Фридрих Незнанский - Мировая девчонка
— Ты со мной говоришь, как с ребенком, — возразила ему Люся.
— Угадала. И оставайся такой подольше. Не спорь, откажись, в жизни есть и еще будут у тебя вещи и события гораздо важнее. И ты сумеешь им противостоять. Но только позже, а сейчас тебе никто не поможет. Крысова сильнее. Жизнь испоганит, как она это здорово умеет делать. Пожалей мать.
Крысовой ученики между собой называли директора школы Кросову Аллу Максимовну.
Вот такой был разговор.
— И что ты решила? — спросил Турецкий.
— Маму жалко, но мне хотелось бы побороться. Неужели Колька действительно прав, и надо подчиняться обстоятельствам?
— А другие ребята как смотрят на это дело?
— Хавка — слабый, и он на побегушках у Платошки. А тот и не замечает, что унижает приятеля. Так, в порядке вещей. Хавка первый и сказал, что у папаши Платошкиного полно приезжих всяких на стройках, которые и за небольшие деньги отлупят, кого им прикажут. Если не хуже. И не найти виноватых, они все на одно лицо, особенно те, что из Средней Азии.
— Предупредил, значит?
— Ну… да, наверное.
— А ты?
— Я пока не отказалась.
— А другие ребята?
— Да все примерно одно и то же говорят. Предостерегают. Сами, конечно, не угрожают, им-то незачем, все равно не светит, но намекают, что бывает с теми, кто упрямится и не слушает сильных. Противно, дядя Саша.
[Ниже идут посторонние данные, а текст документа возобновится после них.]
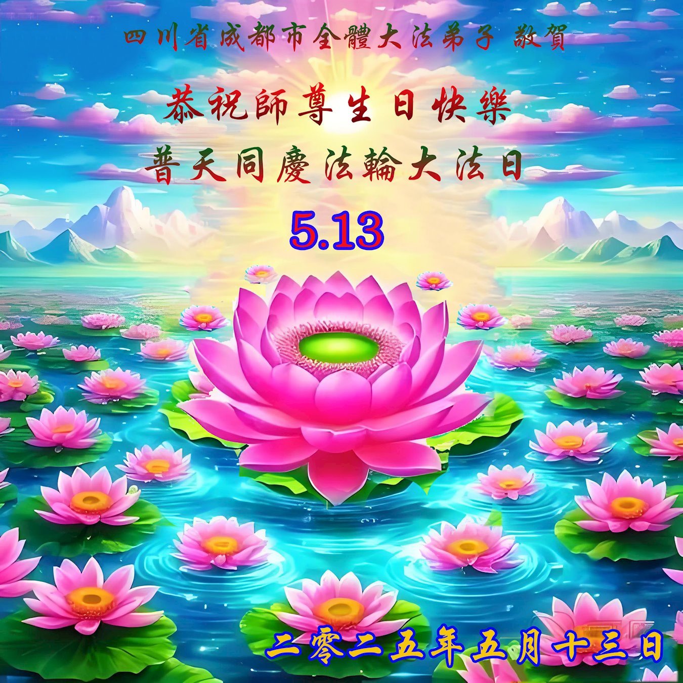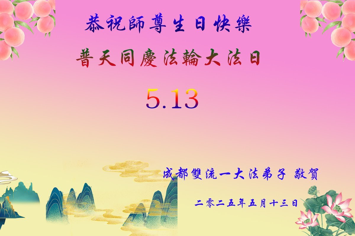 【明慧网二零二五年五月十四日】 四川省成都市东门一大法弟子恭祝师尊生日快乐!

— Ну, о предложении Базыкина-старшего, чтобы ты притворилась больной, а он якобы оплатит твое лечение, я уже слышал. Оно исходило от кого конкретно?
— Классная мне предлагала. Говорила, будут большие деньги, но сумму не называла.
— А ты согласилась бы, если б знала, что сумма действительно большая?
— Дядя Саша, а почему у нас все должно обязательно продаваться? Сколько можно?
— Согласен с тобой. А эта классная ваша, она как, ничего тетка? Или вы ее не любите? В смысле, не уважаете?
— Да она сама-то как раз ничего. Не злая. Только боится всего. Крысова у нас на дух не принимает самостоятельно мыслящих. А у Гориной — двое детей. И она без мужа. Поневоле, наверное, приходится слушаться.
Турецкий удивлялся точным выводам этой девочки. Мировая девчонка, что говорить? Он там, у матери, еще при первой встрече, так Люсе и сказал. Ты — мировая девчонка и постарайся оставаться ею столько, сколько можешь. А получилось прямо по Кольке-«справедливому». Значит, не один он так думает…
— Люсь, а тебе было бы очень обидно, если бы вместо тебя поехал Платон Базыкин?
— Вот если б Коля, я бы и не возражала. Или Генка, у него хорошие языковые данные. Только Генкин отец и сам может его отправить куда угодно, в любой колледж. А Платошке-то — зачем? Это же бред! Не станет он там учиться. Там же именно учиться надо. Или унесется, сломя голову, чтоб только подальше от папаши своего крутого! Да у нас же все знают об этом, дядя Саша. А он мечтает поступить на подготовительные курсы при МАДИ. Поэтому я и считаю, что все угрозы в мой адрес — это чья-то бредовая выдумка. Ну, пусть попугают, если им нравится. Не станут же убивать из-за этого?
«Ах, девочка, девочка… — огорченно думал Турецкий. — Как для тебя все ясно и просто! Кабы мне твою уверенность… Нет, тут далеко не все так примитивно, как тебе кажется… А за что убивают у нас, дай тебе Бог узнать как можно позже. И не на примерах твоих близких…»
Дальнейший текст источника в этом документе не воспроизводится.